▸ **Requirement**:
Up to and including the line with "말해 웃음을 자아냈다.", write out the listing from its first line, minus the pictures.

Provided data section start

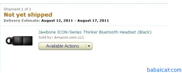 可以看到刚才下单购买的Jawbone蓝牙耳机尚未发货(Not yet shipped)
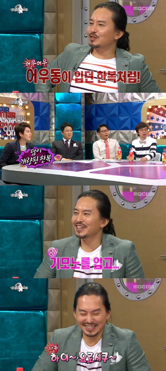 MC 윤종신이 “한복을 입으면 명절 때 입는 한복이냐”고 질문하자 윤기원은 “어우동이 입던 한복을 입어다”며 “또 예전에 일본으로 여행을 갔는데 그때는 기모노를 입고 일본어를 말하는 설정을 했다”고 말해 웃음을 자아냈다.
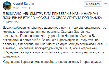 Госслужащего-миллионера давно пора привлечь к ответственности за коррупцию и превышение полномочий. Сегодня заместителя начальника Главного следственного управления Нацполиции Дмитрия Бута вызвали на допрос в НАПК. По нашей информации он туда так и не явился, я убежден, что и не появится - ведь привык к безнаказанности. Я требую, чтобы полиция, прокуратура, следственные НАПК, хоть с чертом пусть объединяются - должны привлечь его на допрос, хотя бы и в веревке, если придется. Коррупционер и предатель должен отвечать перед законом и перед людьми", - написал Сергей Каплин.

Provided data section end

▸ **Reply**:
 可以看到刚才下单购买的Jawbone蓝牙耳机尚未发货(Not yet shipped)
 MC 윤종신이 “한복을 입으면 명절 때 입는 한복이냐”고 질문하자 윤기원은 “어우동이 입던 한복을 입어다”며 “또 예전에 일본으로 여행을 갔는데 그때는 기모노를 입고 일본어를 말하는 설정을 했다”고 말해 웃음을 자아냈다.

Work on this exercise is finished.